うつ病 こころとからだ

うつ病の症状は気分の落ち込みやからだの重さやつらさなどからあらわれることがあります。 本来の自分を取り戻すために、できることから始めてみませんか。

シオノギ製薬と日本イーライリリーがうつ病についての啓発を行うウェブサイトです。

うつ病の新しい考え方

お薬を使った治療のポイントは?

監修:一般社団法人日本うつ病センター 顧問/長崎大学 名誉教授/出島診療所 所長 中根 允文 先生

うつ病の主な症状は、気分が落ち込み何もやる気が起きないといった精神症状であり、その治療はなかなか難しいものです。現在はお薬を使った治療が中心であり、お薬を飲むことで気分の落ち込みなどの症状が改善します。
ご家族と力を合わせ、患者さんがあせらず、ゆっくり、自分から治療にのぞむことで、治療期間をより短くすることができるといわれています。

お薬を飲み続けることの大切さ

うつ病の治療で患者さんは、不安や不眠などの症状を医師に訴えます。医師は検査、診断を行ったうえで患者さんと相談してお薬を処方します。

お薬を使った治療では、患者さんに「あせらず、ゆっくり、自分から」治療に取り組んでもらうことが、とても重要です。

治療期間をより短くするためにも、再発を防ぐためにも、患者さんが進んでお薬を飲み続けることが重要であり、自己判断によるお薬の中断はたいへん危険です。

うつ病の治療期間はどのくらいなの?

うつ病は通常3~6ヵ月でよくなります。しかし昨今は、長い治療期間を必要とする人も多く、1~2年に及ぶ患者さんもみられます。

また再燃、再発の頻度が高い病気で、治療期間中、いったん症状がおさまり治ったと思っても、同じ症状や他の症状が繰り返しあらわれることがあります。

治療では、医師が症状の有無を見極めながら、お薬の量を増やしたり減らしたり、また症状によっては他のお薬を併用したりして、最終的に医師の判断によりお薬の治療が終了します。

うつ病の治療では医師から「治療はおしまいです」といわれるまでは、お薬を飲み続ける必要があるのです。

うつ病を治療するお薬の特徴は?

うつ病を治療するお薬(抗うつ薬)にはいくつかの種類があります。お薬によって作用に違いがあり、医師は患者さんの症状によって使用するお薬を決めます。

うつ病のお薬が他の病気の薬と一番違う点は、その効果があらわれるのに4~6週間かかることです。この点をまず覚えておいてください。 そして、効果よりも先にお薬の副作用があらわれることもあります。

うつ病のお薬にはどんな副作用があるの?

うつ病のお薬で多い副作用は、眠気やだるさなどです。便秘や吐き気、下痢などの消化器症状も挙げられています。口の渇き、めまい、頭痛などもあります。

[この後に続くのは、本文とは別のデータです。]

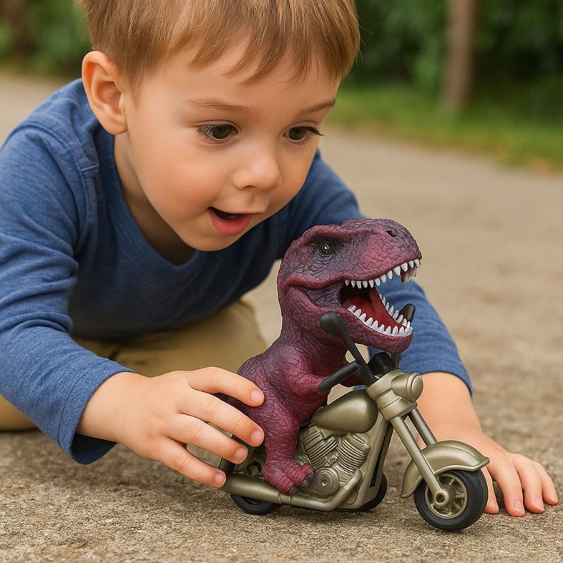 super fun toy, the pullback feature is solid and it actually goes pretty far. the dino detail is surprisingly good and it has that funny tough guy look. my son made motorcycle noises for like an hour straight.
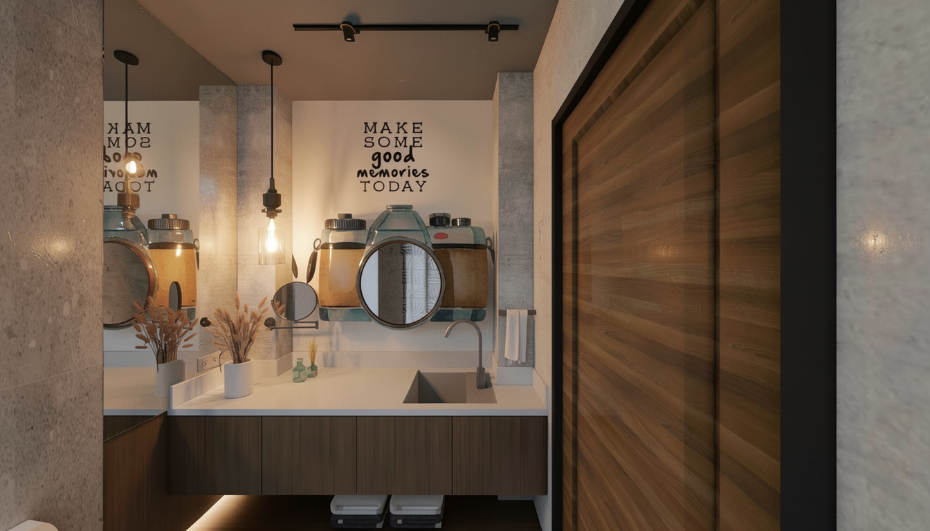 maintain colors and textures reflect right the pendant light in the mirror daylight

うつ病のお薬にはさまざまな副作用がありますが、そのほとんどは飲み始めて1週間以内にあらわれるといわれています。治療の初期にあらわれる副作用に、どのように対応できるかがこの治療の鍵になっているのです。

ただし、副作用があまりにつらいときは医師に相談し、お薬を変えてもらってしばらく様子をみましょう。

お薬による治療で大切なこととは?

お薬による治療を始める時期は、医師と患者さんとの良好な関係を作るために大切な時期でもあります。

医師は患者さんやご家族からの情報提供をもとに治療計画を立てますが、もし患者さんが、処方されたお薬を処方通りに飲んでいなかったら、その計画はうまくいきません。医師は、処方したお薬をきちんと患者さんが飲んでいるということを前提として治療計画を進めていきます。